■ Entries provided:
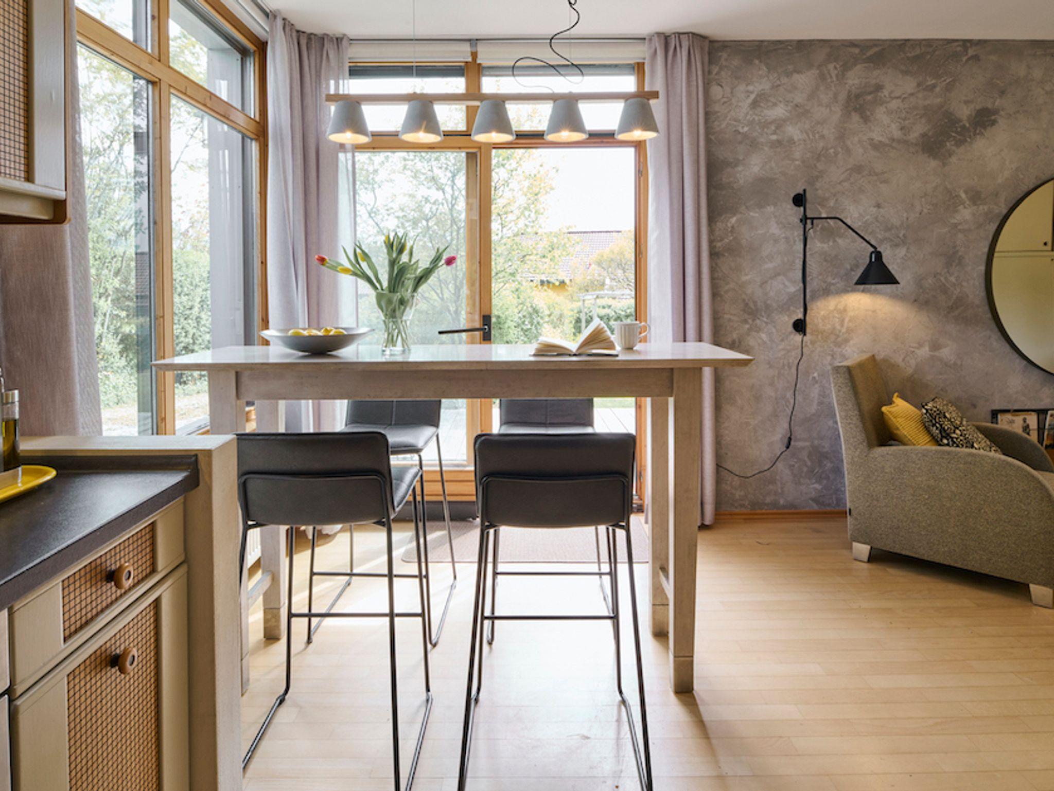 Heller Essbereich mit ausziehbarem Esstisch für bis zu 10 Personen und gemütlichen Sesseln vorm Kamin. Arbeitsplatz im Erdgeschoss.
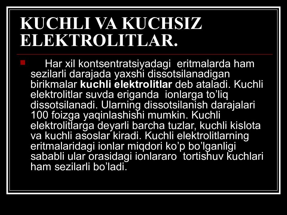 Слайд 10: KUCHLI VA KUCHSIZ ELEKTROLITLAR
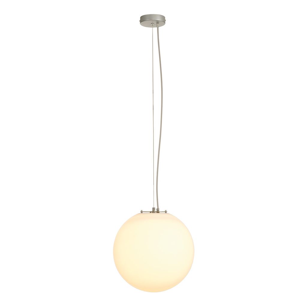 Die kugelförmige Hochvolt Pendelleuchte ROTOBALL 40 besteht aus einem Leuchtenschirm aus temperaturbeständigem Kunststoff, der optisch mit einer Halterung aus silbergrauem Stahl abgerundet wird. Der voluminöse Leuchtenschirm sorgt für homogene Ausleuchtungseigenschaften des zum Einsatz gebrachten Energiesparleuchtmittels mit handelsüblicher E27 Fassung. Eine passende Deckenrosette ist bereits im Lieferumfang enthalten. Die ROTOBALL 40 Pendelleuchte ist somit fertig für den direkten Anschluss an 230V Netzspannung. Diese Leuchte ist geeignet für Leuchtmittel der Energieklassen: A - A+
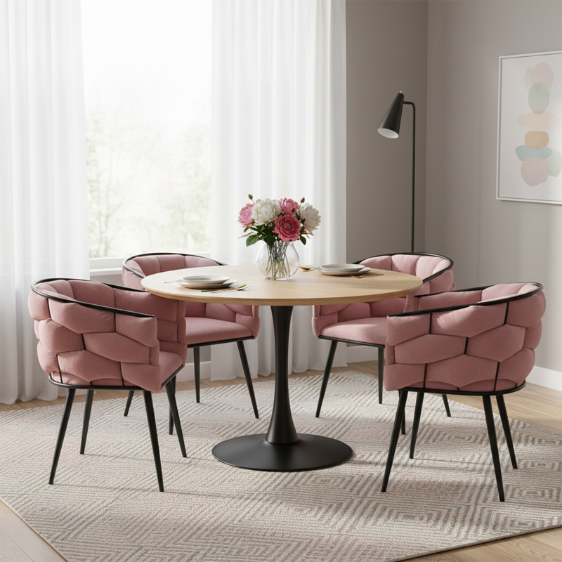 FOTEL KRZESŁO PLECIONE WELUROWE TAPICEROWANE GLAMOUR BORNEO BRUDNY RÓŻ NOGI CZARNE
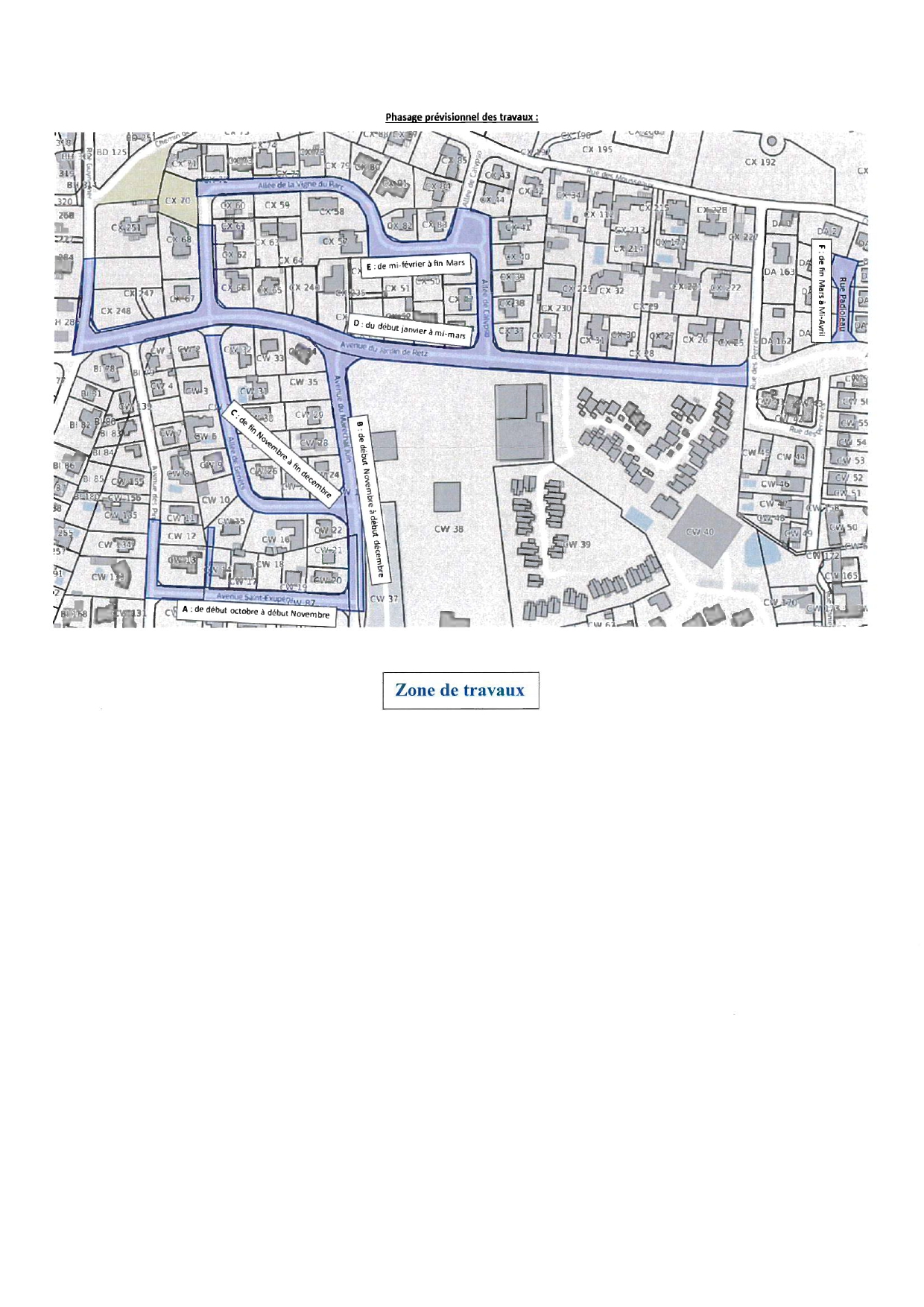 Vous trouverez en cliquant ici un plan présentant l’emprise des travaux et les phases prévisionnelles de travaux par rue.
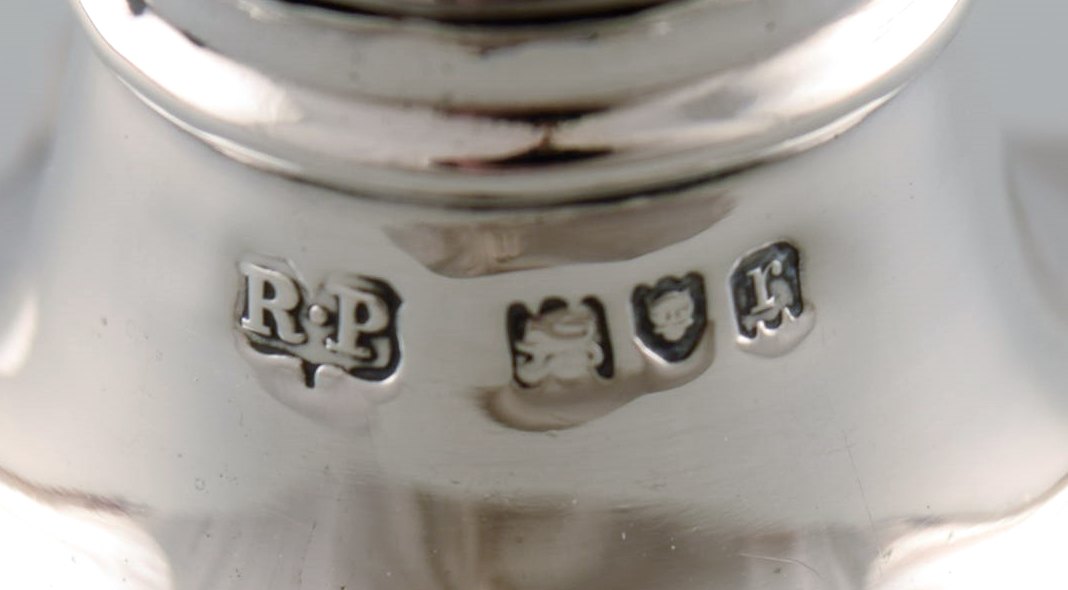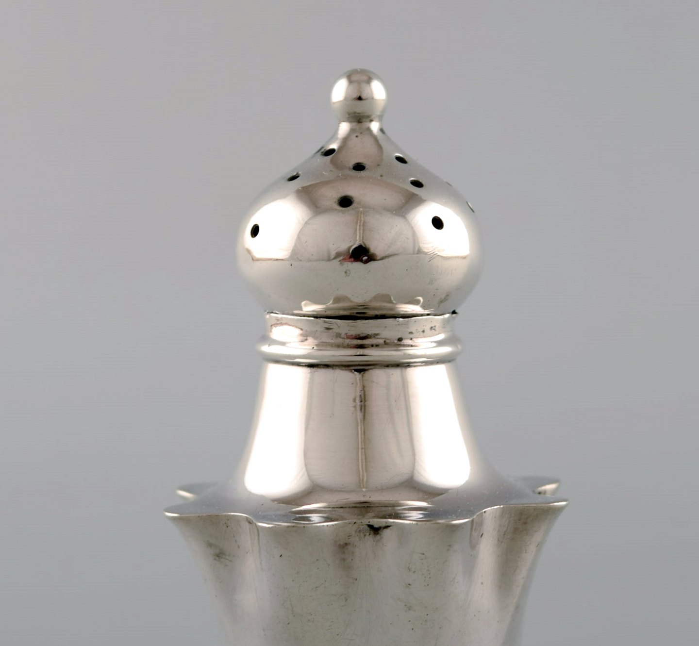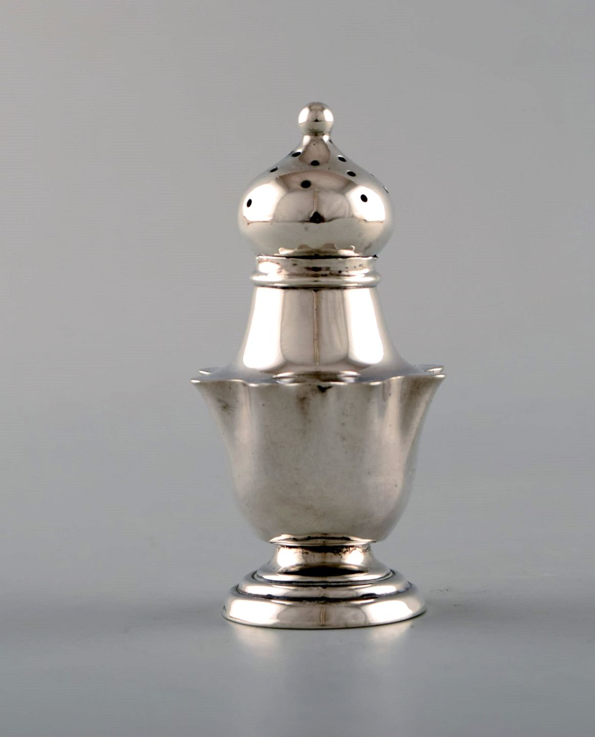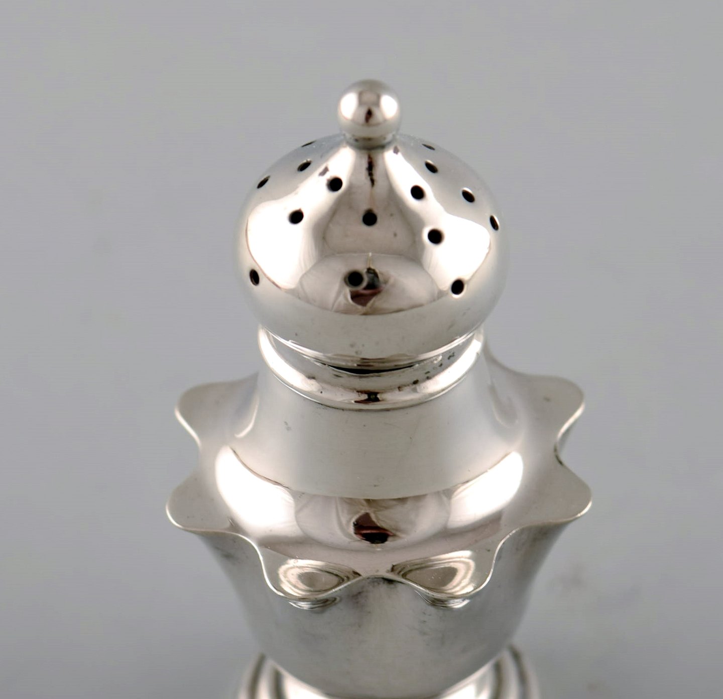 Engelsk peberbøsse i sølv. Sent 1800-tallet. Fra stor privatsamling.

■ Work instruction:
Each entry above must be printed exactly, apart from its pictures.

■ Output for this task:
 Heller Essbereich mit ausziehbarem Esstisch für bis zu 10 Personen und gemütlichen Sesseln vorm Kamin. Arbeitsplatz im Erdgeschoss.
 Слайд 10: KUCHLI VA KUCHSIZ ELEKTROLITLAR
 Die kugelförmige Hochvolt Pendelleuchte ROTOBALL 40 besteht aus einem Leuchtenschirm aus temperaturbeständigem Kunststoff, der optisch mit einer Halterung aus silbergrauem Stahl abgerundet wird. Der voluminöse Leuchtenschirm sorgt für homogene Ausleuchtungseigenschaften des zum Einsatz gebrachten Energiesparleuchtmittels mit handelsüblicher E27 Fassung. Eine passende Deckenrosette ist bereits im Lieferumfang enthalten. Die ROTOBALL 40 Pendelleuchte ist somit fertig für den direkten Anschluss an 230V Netzspannung. Diese Leuchte ist geeignet für Leuchtmittel der Energieklassen: A - A+
 FOTEL KRZESŁO PLECIONE WELUROWE TAPICEROWANE GLAMOUR BORNEO BRUDNY RÓŻ NOGI CZARNE
 Vous trouverez en cliquant ici un plan présentant l’emprise des travaux et les phases prévisionnelles de travaux par rue.
 Engelsk peberbøsse i sølv. Sent 1800-tallet. Fra stor privatsamling.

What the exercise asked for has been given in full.